Let’s begin with the assertion that we at this publication passionately support the art of Theatre. We continually cry out, “If you are a patron, continue to support theatre, go to as many shows as you care to see, and if you have money or time to spare, donate. There is no better forum for grappling with social issues than theatre. There is no more fitting a place to drop political correctness and challenge status quo.” Having said that, fasten your seat belts, because we’re about to ask some questions that will make many theatre makers unhappy.
The national conference for Theatre Communications Group occurred in Los Angeles this past June. A thousand or so non-profit theatre professionals from around the world gathered to answer the question: “What if…?” The challenge was to re-envision the future of theatre. Administrators and managers of professional theatres were asked to dismiss their preconceptions, to “pretend you don’t know what you know” and then try and solve the problems that confront theatre today.
The questions posed ranged from the practical how to reach new audiences and embrace new technologies, to the philosophical “Is Theatre a place or an event?” However, the existential question never came up — What if theatre has to re-invent how it does business? What if the model were no longer “spend what you must and we will find the money”, but “here’s the budget we have; how can we live within it?”
Since the establishment of the non-profit Regional system in the 1960s, Regional Theatres have grown to the model that others now follow, non-profit institutions relying on the magnanimous nature of donors and foundations. What was originally a handful of theatres spread around the country has now bloomed to more than 1800 organizations striving to gain the audience’s attention. Where a couple of dozen or so theatres used to compete for the philanthropic dollar, there are now hundreds making applications to an ever-dwindling pool of funds.
The largess of the foundation dollar has long been the mainstay of non-profit theatres, and the holy grail for those that had yet to achieve endowment. What if theatres stopped looking for these handouts? What if theatres saw their livelihood as beholden to the final product, the production itself? As Shakespeare tells us, “the play’s the thing” Is that the answer? This is not to deny the needed graciousness of private donors, but to acknowledge that not every company can or will find grants, and that funding does not eliminate the essential and eternal need to work in partnership with audiences.
Theatre is an art form that relies on communication. Somehow the passion, the message of why a given play is important here and now must pass between the participants. Artists and audience blend together to achieve the apex of the art, and if the audience isn’t engaged, if it is not invited to participate, or is not even considered to be a participant, then it will turn its back on the artist and will not only cease supporting the effort, but will no longer be an audience.
What if… Theatres listened to what audiences wanted to see? No, not the 500th interpretation of an old war horse, but what was it that brought a community to a particular stage? For the definition of community, we can be as narrow or as broad as any would wish. Is it the women’s community, is it the geographic community, is it the Socialists, or the Young Republicans? Ultimately, the community defines itself. What if theatre became so imbedded in that community they saw their mission as a service, an extension of the community? What if the artists applied their crafts to challenge or illuminate the assertions of that community? What if shedding light, compelling thought and discourse were the goal?
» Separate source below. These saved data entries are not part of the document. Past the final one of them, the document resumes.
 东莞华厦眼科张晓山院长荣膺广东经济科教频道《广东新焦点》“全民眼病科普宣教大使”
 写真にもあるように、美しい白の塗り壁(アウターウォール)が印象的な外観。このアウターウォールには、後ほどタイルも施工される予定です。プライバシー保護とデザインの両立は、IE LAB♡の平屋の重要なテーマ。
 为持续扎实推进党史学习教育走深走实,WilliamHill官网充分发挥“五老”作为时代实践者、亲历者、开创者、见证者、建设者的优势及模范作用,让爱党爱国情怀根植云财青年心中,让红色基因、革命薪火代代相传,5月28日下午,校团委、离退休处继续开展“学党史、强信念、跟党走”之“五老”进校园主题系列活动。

Audiences want to be engaged and involved. Those that come to see a show do so either because the show addresses an issue or passion within them, or because they know someone connected to the show. It is the first that must be cultivated. The endless downward spiral of discounting to induce the latter to see a performance is a recipe for ruin. Understanding the audience is as essential to a theatre as is the understanding of the theatre by the audience.
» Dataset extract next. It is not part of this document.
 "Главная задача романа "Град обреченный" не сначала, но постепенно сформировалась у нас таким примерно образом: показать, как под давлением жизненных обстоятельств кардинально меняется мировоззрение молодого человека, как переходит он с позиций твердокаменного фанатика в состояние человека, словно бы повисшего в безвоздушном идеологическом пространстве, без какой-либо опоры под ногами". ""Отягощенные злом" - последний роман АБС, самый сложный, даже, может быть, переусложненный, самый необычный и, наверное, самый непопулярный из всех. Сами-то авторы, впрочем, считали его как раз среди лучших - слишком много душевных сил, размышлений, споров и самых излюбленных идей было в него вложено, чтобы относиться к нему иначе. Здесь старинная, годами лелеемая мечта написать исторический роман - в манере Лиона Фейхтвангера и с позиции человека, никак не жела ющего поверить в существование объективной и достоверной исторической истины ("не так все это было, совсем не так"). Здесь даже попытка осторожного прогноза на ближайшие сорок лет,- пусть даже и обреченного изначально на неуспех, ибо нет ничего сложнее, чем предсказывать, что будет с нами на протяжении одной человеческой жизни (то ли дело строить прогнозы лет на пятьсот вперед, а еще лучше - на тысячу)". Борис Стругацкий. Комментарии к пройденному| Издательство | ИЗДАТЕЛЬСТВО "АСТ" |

While the audience needs to mature and take responsibility for supporting the theatre they want to see, more theatres must mature and become responsible to those they serve. While the creation of art should never be held to a purpose or standard, the artist needs to be aware that art created without an audience is merely masturbation. If there is no communication, there is no art.
John Milton in Paradise Lost has the devil say, “Better to reign in hell than to serve in Heaven.” Is the devil right? Is it better to live asserting oneself in an abyss, or is it better to exercise the breath of art to a purpose greater then the whim of the artist? Each theatre needs to make the choice, and in the choosing will find its just reward.